Despite current budgetary constraints and concerns, Dr. William Stenhouse, chair of the History Department at Stern College, says that the History department is “hopeful” of hiring a new full-time professor by Fall 2014. “Educationally,” Stenhouse remarks, “I think there’s a need for the history department to represent more than just Europe and America” so the advertisement would seek someone with a focus on North Africa or the Middle East.  The process for hiring a full-time professor is approximately a yearlong ordeal, involving a national search that begins with an advertisement in September or October through the American Historical Association, which then hosts a conference in January that a representative of the Stern College History Department will attend in order to meet candidates and conduct preliminary interviews. The typically large number of applications (when the university was hiring for Dr. Douglas Burgess’ position, there were 190 applications for the one post) is whittled down before interviews so that after the preliminary meetings, only two or three candidates are invited to campus in February and by the end of March, the hire is usually finalized.

History major Robin Joshowitz ’14 was excited at the prospect of a new full-time history professor specializing in North Africa or the Middle East.  “As a history major, I believe that it’s important to have a well-rounded history education,” Joshowitz asserts, “and it’s frustrating that there aren’t enough classes for a history major to specialize in any field except for American History.” Another history major, Esther Wohl ’14, recalls her disappointment at the news that Dr. Tendler would not be returning in the Fall: “I was really disappointed, because she was the only professor teaching Middle Eastern Studies, which fulfills the non-Western requirement for history majors. It’s so nice to hear that the college is considering hiring another history professor.”

While history majors are certainly more invested in the notion of a broader history department, other students agree that a strong history department is a vital piece of a thriving liberal arts institution.

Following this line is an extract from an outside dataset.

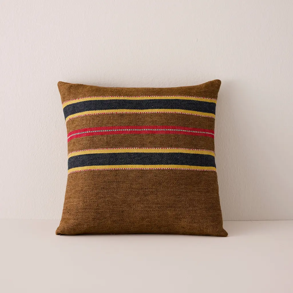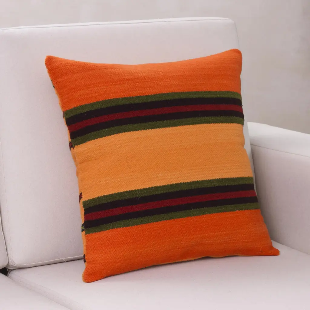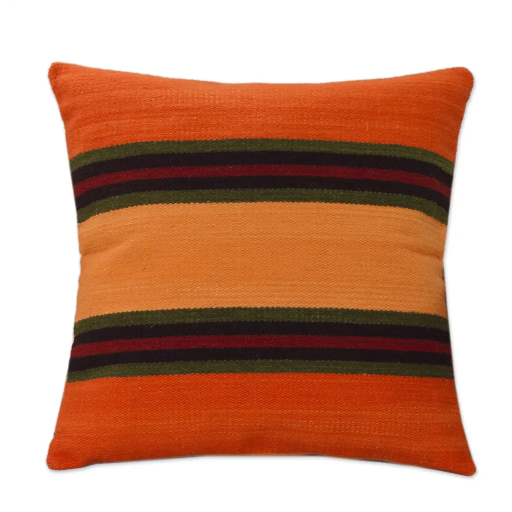 Wool Cushion Cover Orange Stripe 18 In Handmade Peru- Three Worlds
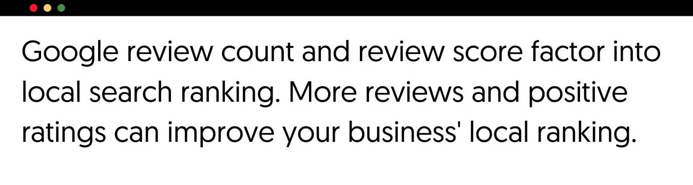 As stated by Google, one factor determining your business's local ranking is the number of reviews and ratings on your Google Business Profile.

Hadassah Tirschwell ’15, a double major in Judaic Studies and Mathematics, appreciates the benefits of liberal arts at Stern College. “I enjoy the opportunity to expand my horizons through specialized courses in history and philosophy,” she explains, “because I feel that the purpose of a liberal arts education is to experience a wide variety of subjects at a collegiate level and so I look for interesting and thought-provoking liberal arts courses to add to my schedule.

With the likely appointment of a new full-time history professor sometime in the near future, despite budgetary concerns, the opportunities for Stern students and history majors in general to expand their educational horizons will hopefully only increase.